Supplied entries section start
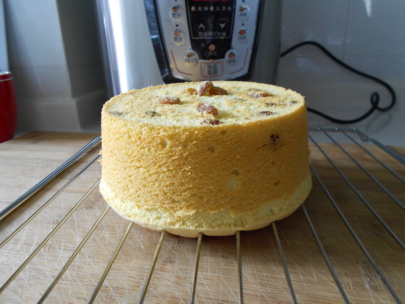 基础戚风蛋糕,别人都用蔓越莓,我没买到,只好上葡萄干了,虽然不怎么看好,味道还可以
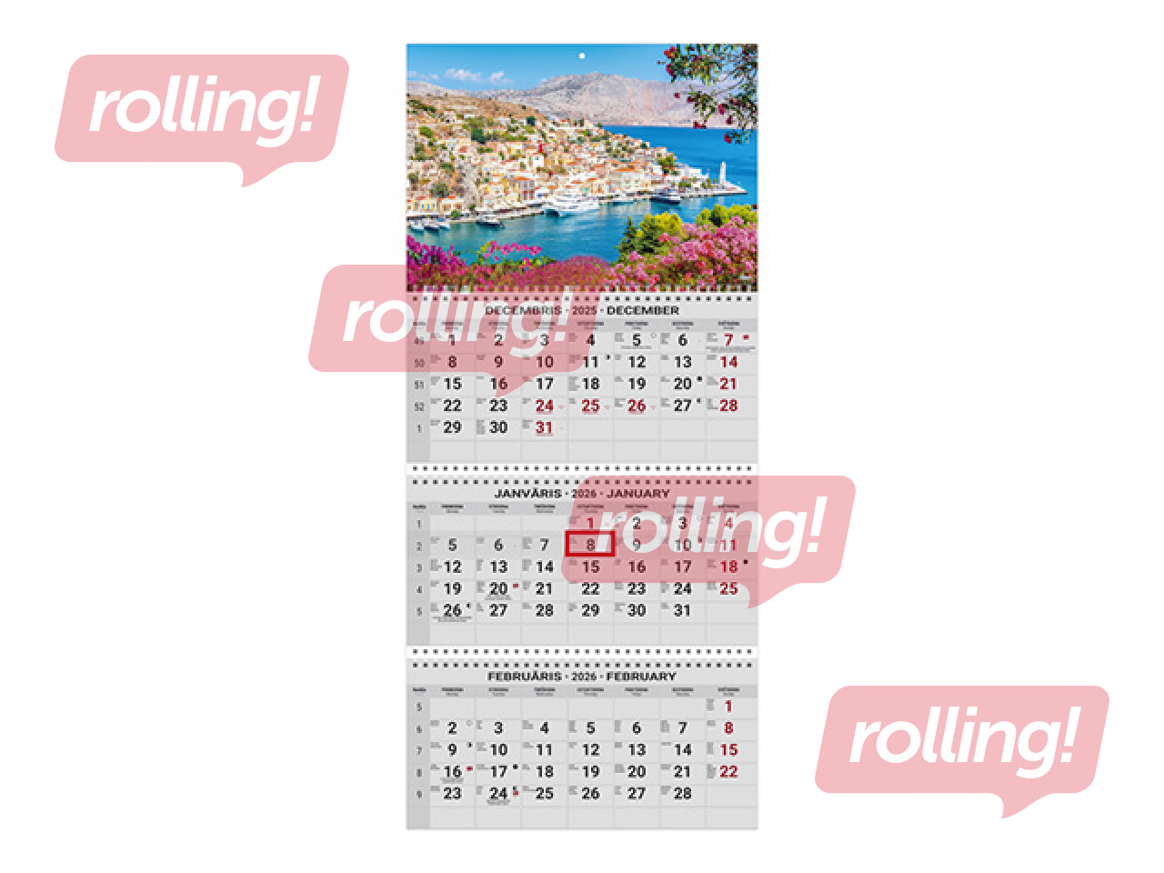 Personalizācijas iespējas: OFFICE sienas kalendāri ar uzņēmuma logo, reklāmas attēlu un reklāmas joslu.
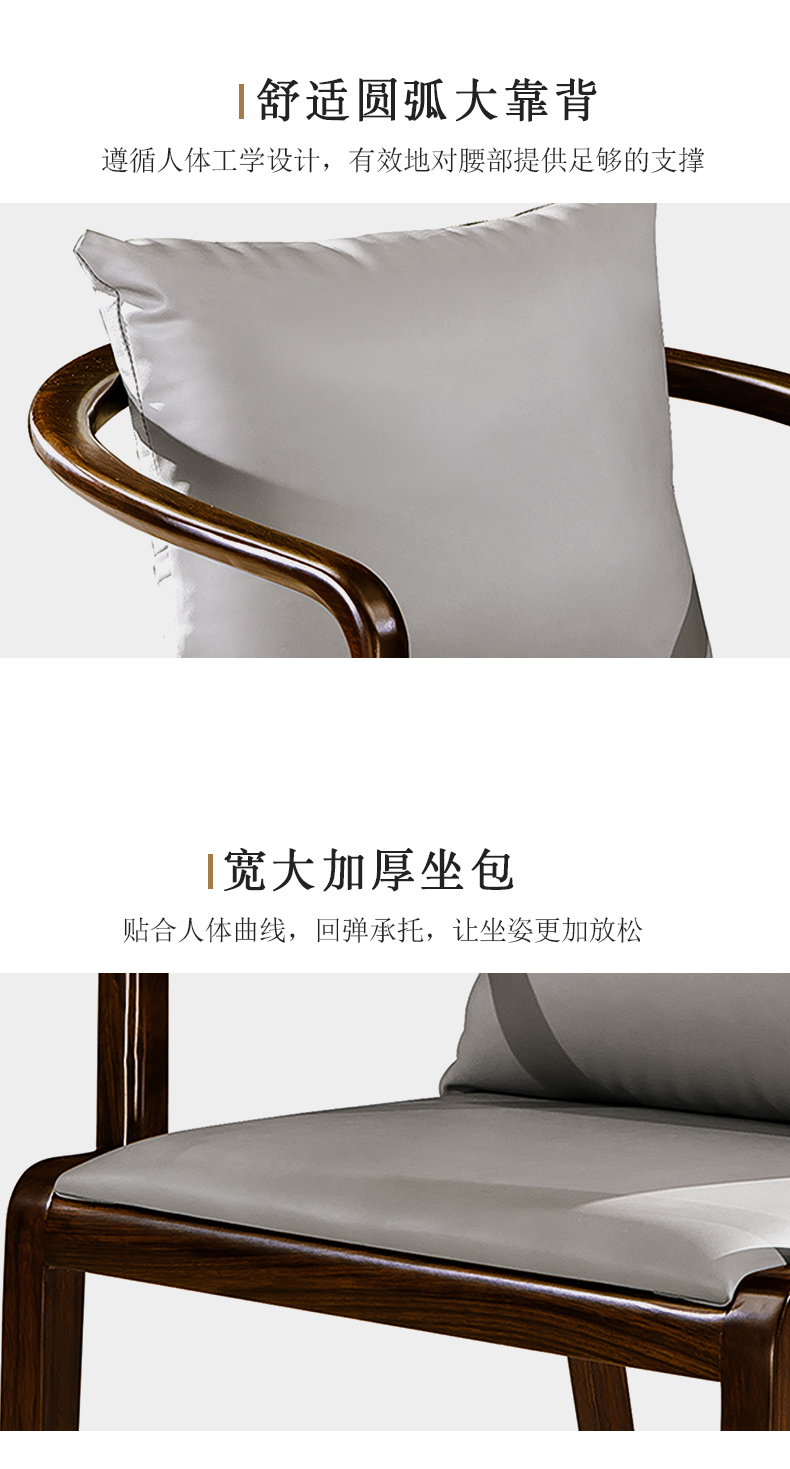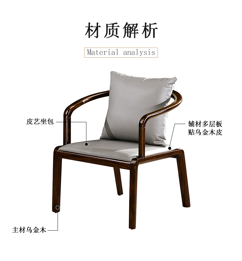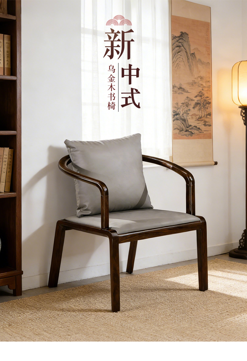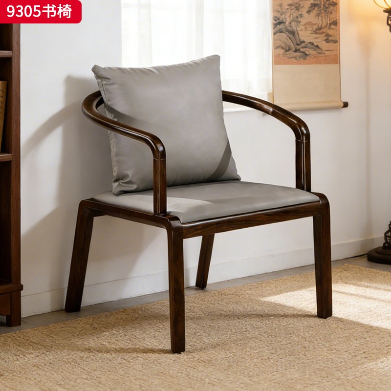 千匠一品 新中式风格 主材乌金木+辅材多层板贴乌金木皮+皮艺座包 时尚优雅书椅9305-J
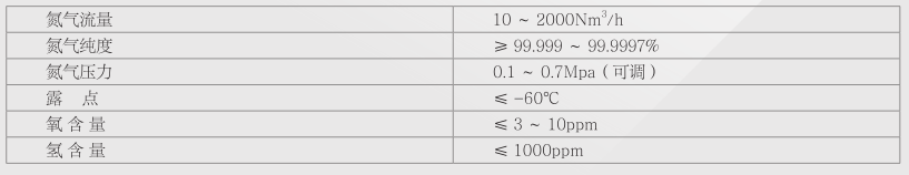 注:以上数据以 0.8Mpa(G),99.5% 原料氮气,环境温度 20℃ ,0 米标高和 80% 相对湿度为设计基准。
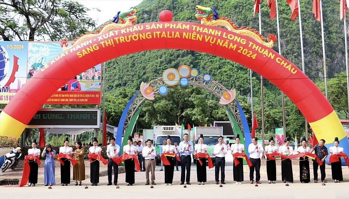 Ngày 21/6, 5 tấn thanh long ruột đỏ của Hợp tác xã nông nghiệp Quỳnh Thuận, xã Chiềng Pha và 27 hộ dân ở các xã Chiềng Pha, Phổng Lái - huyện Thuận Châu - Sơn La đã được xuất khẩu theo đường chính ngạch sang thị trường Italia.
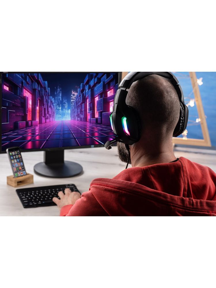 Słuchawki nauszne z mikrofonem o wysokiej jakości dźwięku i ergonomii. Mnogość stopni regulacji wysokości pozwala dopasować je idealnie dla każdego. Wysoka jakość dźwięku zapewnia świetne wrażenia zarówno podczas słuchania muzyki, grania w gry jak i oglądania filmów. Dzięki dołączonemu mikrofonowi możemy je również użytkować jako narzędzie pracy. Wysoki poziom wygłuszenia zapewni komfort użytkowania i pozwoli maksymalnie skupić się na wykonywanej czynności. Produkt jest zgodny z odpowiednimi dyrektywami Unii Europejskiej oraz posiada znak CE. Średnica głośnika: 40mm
Supplied entries section end
__What to produce__. Each record above must be retyped exactly, minus its pictures.

__Output for this exercise__.
 基础戚风蛋糕,别人都用蔓越莓,我没买到,只好上葡萄干了,虽然不怎么看好,味道还可以
 Personalizācijas iespējas: OFFICE sienas kalendāri ar uzņēmuma logo, reklāmas attēlu un reklāmas joslu.
 千匠一品 新中式风格 主材乌金木+辅材多层板贴乌金木皮+皮艺座包 时尚优雅书椅9305-J
 注:以上数据以 0.8Mpa(G),99.5% 原料氮气,环境温度 20℃ ,0 米标高和 80% 相对湿度为设计基准。
 Ngày 21/6, 5 tấn thanh long ruột đỏ của Hợp tác xã nông nghiệp Quỳnh Thuận, xã Chiềng Pha và 27 hộ dân ở các xã Chiềng Pha, Phổng Lái - huyện Thuận Châu - Sơn La đã được xuất khẩu theo đường chính ngạch sang thị trường Italia.
 Słuchawki nauszne z mikrofonem o wysokiej jakości dźwięku i ergonomii. Mnogość stopni regulacji wysokości pozwala dopasować je idealnie dla każdego. Wysoka jakość dźwięku zapewnia świetne wrażenia zarówno podczas słuchania muzyki, grania w gry jak i oglądania filmów. Dzięki dołączonemu mikrofonowi możemy je również użytkować jako narzędzie pracy. Wysoki poziom wygłuszenia zapewni komfort użytkowania i pozwoli maksymalnie skupić się na wykonywanej czynności. Produkt jest zgodny z odpowiednimi dyrektywami Unii Europejskiej oraz posiada znak CE. Średnica głośnika: 40mm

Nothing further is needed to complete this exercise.